Today’s newspapers are once again reading that bureaucrats, this time in CRA, possibly deleted text messages that may be “government records.” A spokesperson for Treasury Board President, Tony Clement, is quoted as saying: “If the (messages) were of business value and deleted, then the rules were broken. If the CRA can prove that they were transitory in nature I – if it was ‘meet you at the coffee shop in fifteen minutes’ – …but that is up to the CRA to prove”.
While I am an ardent proponent of government transparency, I am concerned that we have lost sight of what is and is not included in “the public’s right to know.”
At my former municipal government, we decided that text messages would not be logged, considering that such messages (like voice mails) were transitory.
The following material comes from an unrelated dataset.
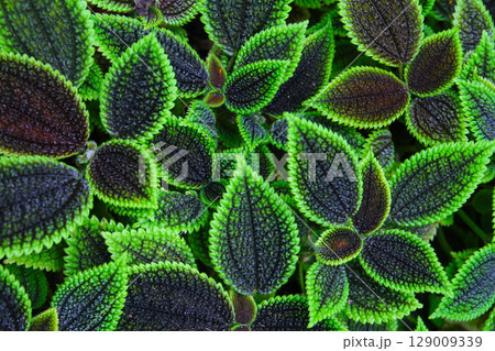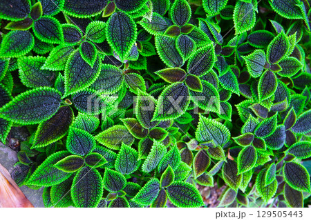 Colorful pattern and soft fur on the leaf surface of the Carpet Plant

Where a text (or voice) message did contain something that could be classified as a corporate record, it was the responsibility of those involved to document the decision/record separately – e.g. a follow-up “as we discussed” memo or email – just as would be required if the exchange had taken place in a hallway conversation.
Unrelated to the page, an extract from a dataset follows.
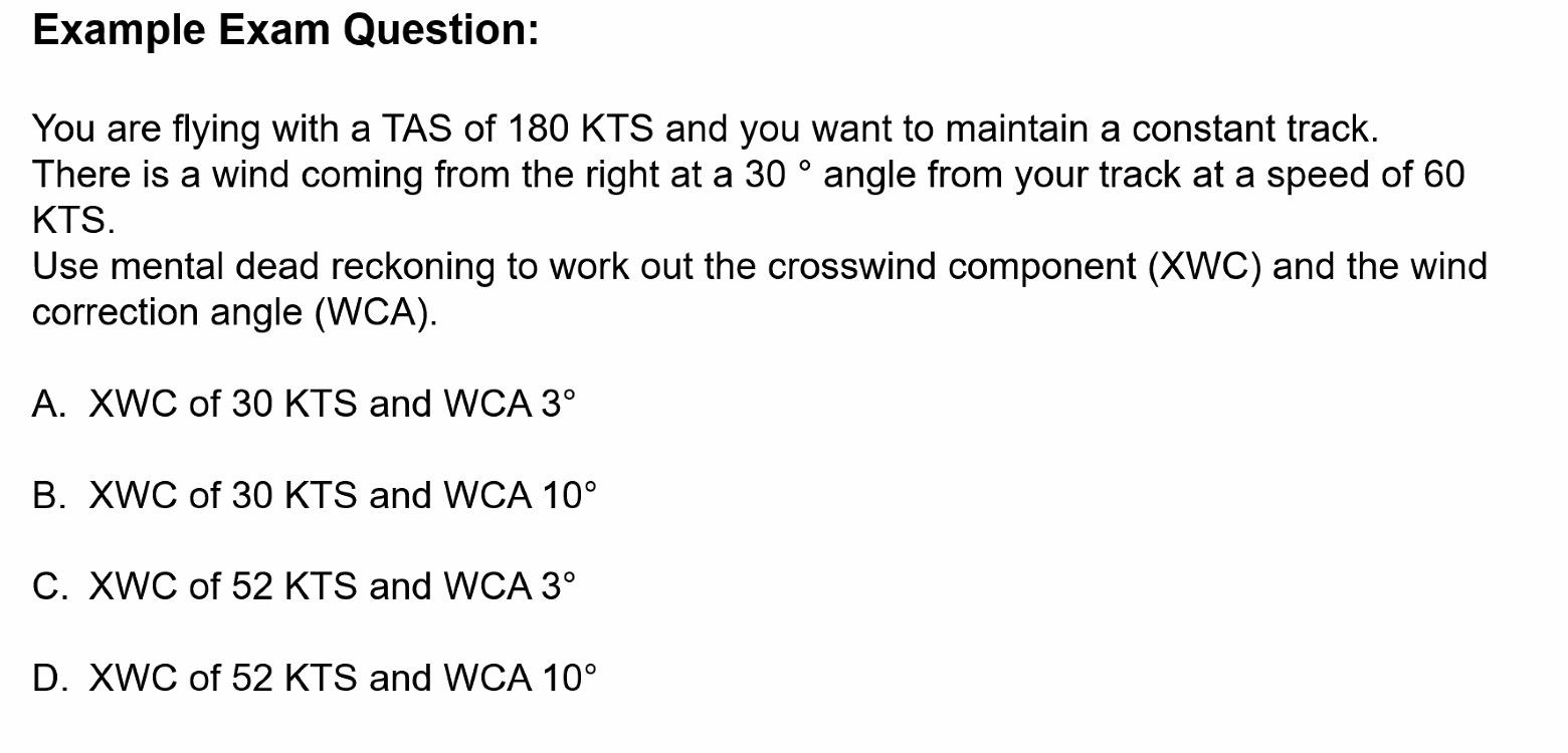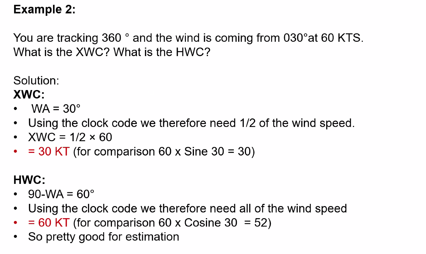 Q. You are tracking 360° and the wind is coming from the 030° at 60 kts. What is the XWC? and what is the HWC? A. ==XWC = 30 kts, HWC = 60 kts==

It seems that today’s prevailing political and media approach to text messages is to put the shoe on the other foot – assuming that they are corporate records (of business value) unless we can prove otherwise. This may simply result in bureaucrats reverting back to hallway or phone conversations on sensitive issues, since these are not (yet) being logged for posterity.
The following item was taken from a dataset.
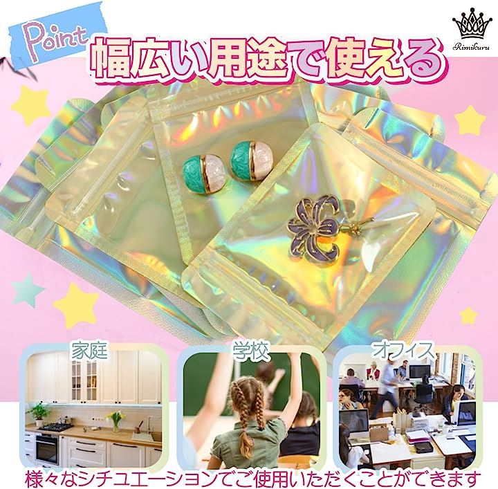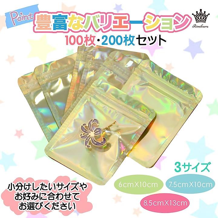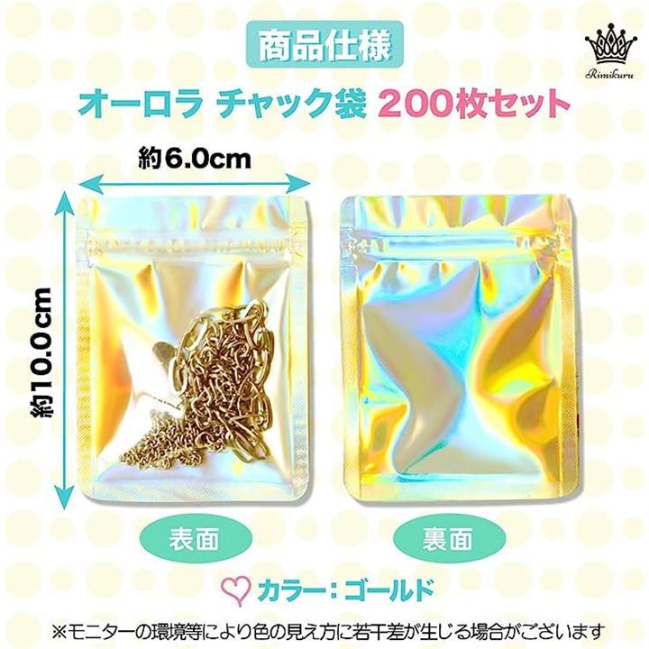 オーロラ チャック 袋 チャック付き袋 200枚セット ゴールド ミニ ジッパー付き袋 厚手

While this may seem cynical, I believe it is important to allow a certain amount of bureaucratic discretion and privacy. In the Toronto Computer Leasing Inquiry of a few years ago, much time was spent reviewing different versions of Council reports to determine who had made certain changes or deletions, as the reports went through various drafts. It was my, perhaps old fashioned, view that only the final report was a corporate record; all previous drafts could (and should) have been deleted. Similarly, an inquiry into a contract award for Toronto’s Union Station renovations sought disclosure of how individuals on an evaluation team had voted. Again, my view was that the record was the recommendation made by the team collectively. The discussion/individual votes leading up to that recommendation should remain private.
In general, the public is entitled to know what has been decided or recommended – but not “who said what” in the process of arriving at a decision. Pushing government transparency too far into the boardrooms is ultimately unhealthy for our democracy. Bureaucrats should be entitled and encouraged to have healthy debates and disagreements without fear that these will become public. It is the decisions or recommendations that arise out of such debates which are legitimately public records.
Much of this confusion relates back to technology. Text messages are now generally logged, so we assume a right of access and an expectation that they not be deleted unless we can “prove” that they are not “of business value.” Telephone and hallway conversations are generally not logged, so the same expectations do not apply. To be consistent, does this mean that all “conversations” should be recorded and logged, until we can prove that they were not of business value? If not, why are we separating out a specific form of conversation?
Roy Wiseman is currently Executive Director and was a founding member of MISA/ASIM Canada. He is a Board Member and Past President of the Institute for Citizen Centred Service, Past President of MISA Ontario, former municipal Co-Chair of the Service Mapping Subcommittee and Project Director for the Municipal Reference Model (MRMv2) project.